» **What to produce**: Below are some records. Return exactly their lines from the one containing "Sent to Jerry" through the one containing "またショールームでは、最新の", and drop the pictures.

» **Exercise materials**:
***

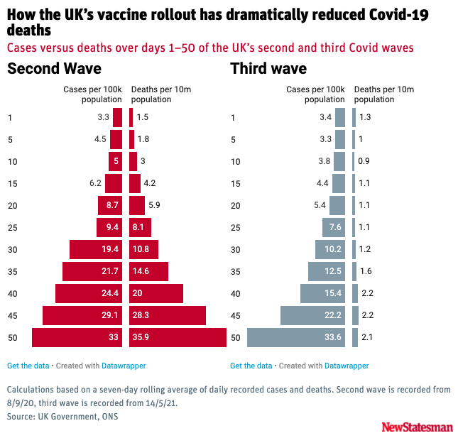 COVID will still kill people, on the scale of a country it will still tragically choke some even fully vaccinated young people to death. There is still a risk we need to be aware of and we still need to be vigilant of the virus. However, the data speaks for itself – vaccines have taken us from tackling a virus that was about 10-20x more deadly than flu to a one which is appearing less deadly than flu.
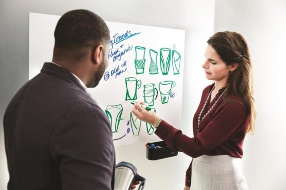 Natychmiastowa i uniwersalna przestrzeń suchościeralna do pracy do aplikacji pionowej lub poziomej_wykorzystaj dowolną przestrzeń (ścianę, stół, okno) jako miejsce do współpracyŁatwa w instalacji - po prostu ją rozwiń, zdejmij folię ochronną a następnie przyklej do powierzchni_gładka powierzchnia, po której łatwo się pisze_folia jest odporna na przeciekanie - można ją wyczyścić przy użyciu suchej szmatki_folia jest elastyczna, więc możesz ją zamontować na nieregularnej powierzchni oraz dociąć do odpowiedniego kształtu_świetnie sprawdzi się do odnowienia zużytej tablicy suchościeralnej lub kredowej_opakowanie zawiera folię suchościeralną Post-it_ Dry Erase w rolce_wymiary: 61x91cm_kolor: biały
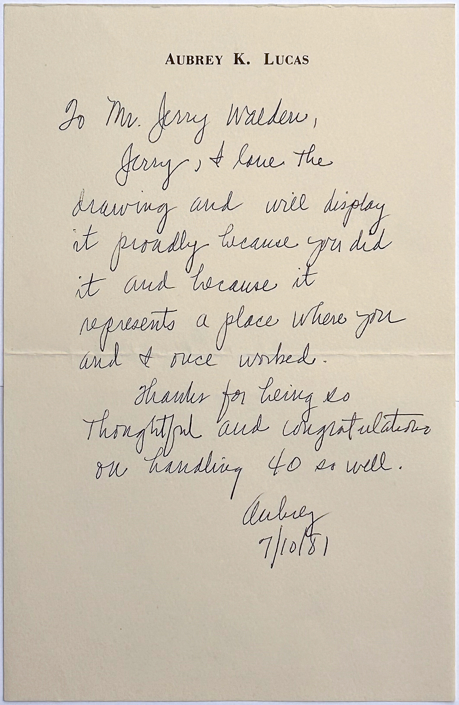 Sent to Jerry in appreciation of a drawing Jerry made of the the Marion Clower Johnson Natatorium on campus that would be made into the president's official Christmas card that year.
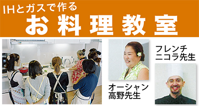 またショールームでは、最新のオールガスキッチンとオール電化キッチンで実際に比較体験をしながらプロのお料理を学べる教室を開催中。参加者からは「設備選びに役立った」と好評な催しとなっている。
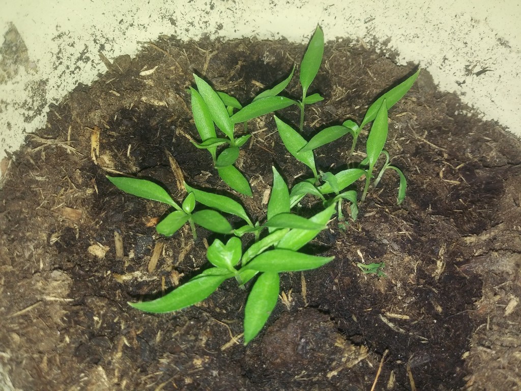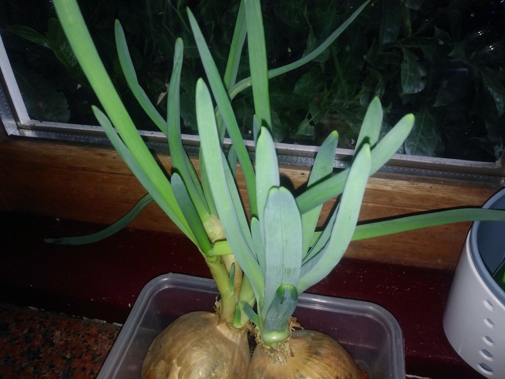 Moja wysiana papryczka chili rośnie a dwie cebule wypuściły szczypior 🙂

***

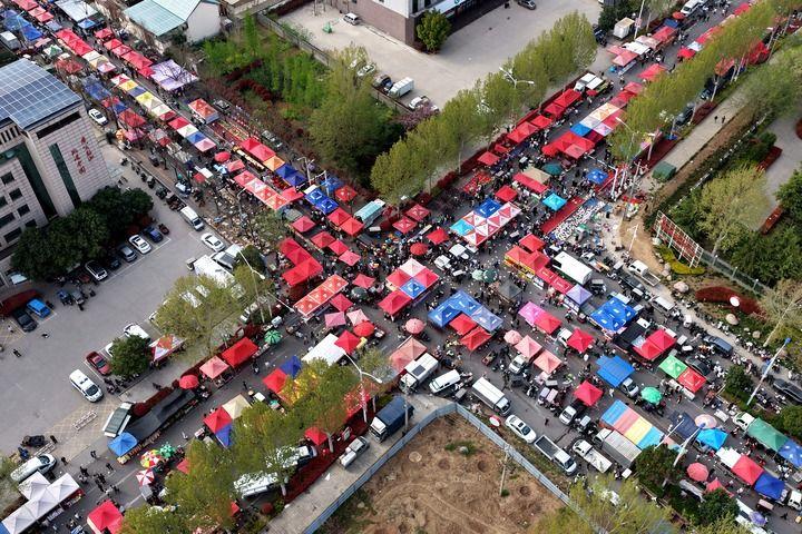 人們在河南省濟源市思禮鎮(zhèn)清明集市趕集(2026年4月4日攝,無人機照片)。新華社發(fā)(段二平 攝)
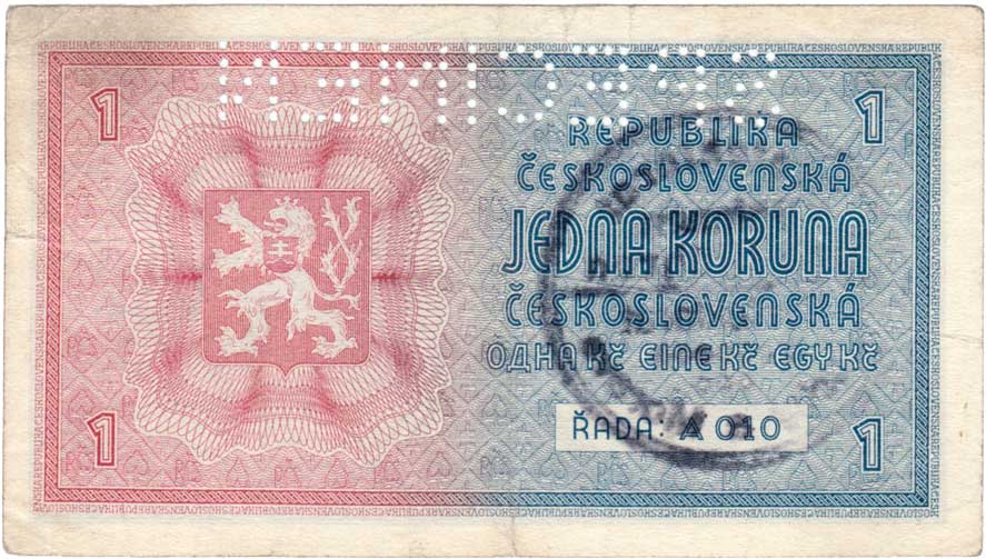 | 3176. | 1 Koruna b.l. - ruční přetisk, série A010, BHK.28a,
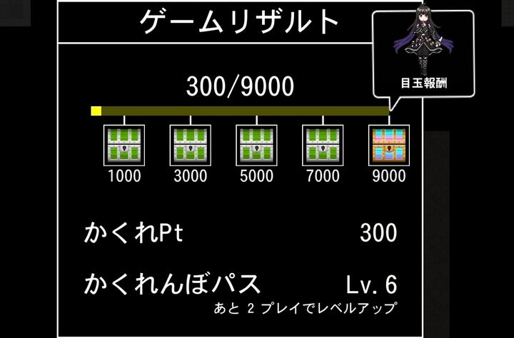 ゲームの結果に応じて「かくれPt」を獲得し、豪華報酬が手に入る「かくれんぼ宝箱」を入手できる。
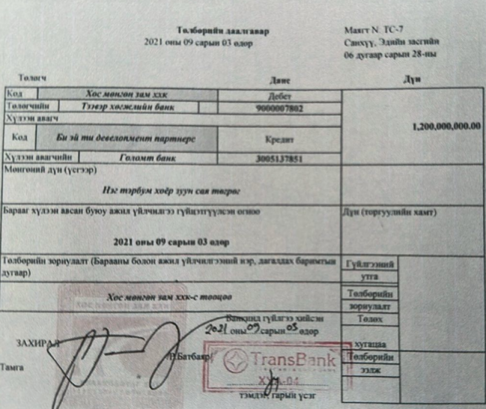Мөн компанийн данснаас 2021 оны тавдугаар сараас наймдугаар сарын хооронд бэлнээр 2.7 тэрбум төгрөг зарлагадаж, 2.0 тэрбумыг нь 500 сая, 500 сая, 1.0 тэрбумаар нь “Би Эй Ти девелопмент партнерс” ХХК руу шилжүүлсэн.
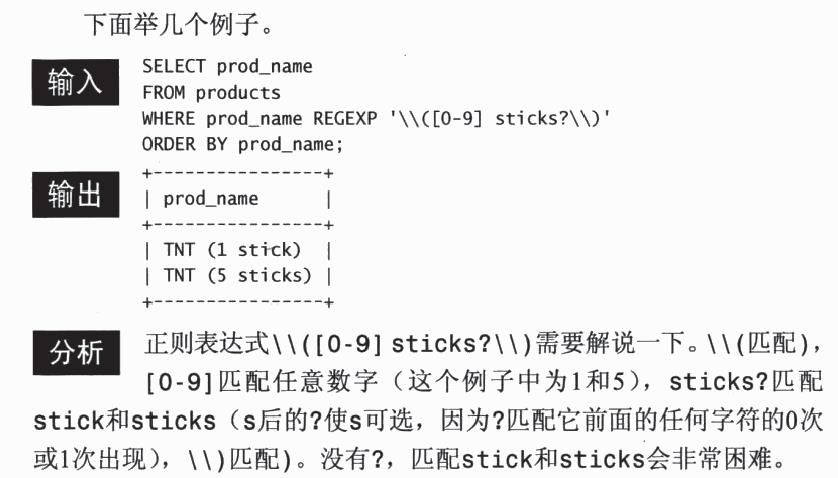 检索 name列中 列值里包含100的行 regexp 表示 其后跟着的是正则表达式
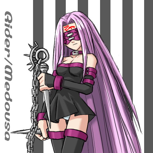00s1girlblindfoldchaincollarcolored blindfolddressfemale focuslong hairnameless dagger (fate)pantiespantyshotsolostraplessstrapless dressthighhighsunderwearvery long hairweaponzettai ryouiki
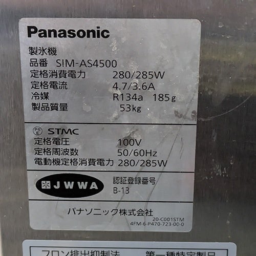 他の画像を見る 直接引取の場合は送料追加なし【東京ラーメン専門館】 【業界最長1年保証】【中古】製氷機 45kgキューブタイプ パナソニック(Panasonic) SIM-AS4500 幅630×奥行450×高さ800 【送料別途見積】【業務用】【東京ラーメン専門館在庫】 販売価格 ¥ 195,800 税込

***

» **Response box**:
 Sent to Jerry in appreciation of a drawing Jerry made of the the Marion Clower Johnson Natatorium on campus that would be made into the president's official Christmas card that year.
 またショールームでは、最新のオールガスキッチンとオール電化キッチンで実際に比較体験をしながらプロのお料理を学べる教室を開催中。参加者からは「設備選びに役立った」と好評な催しとなっている。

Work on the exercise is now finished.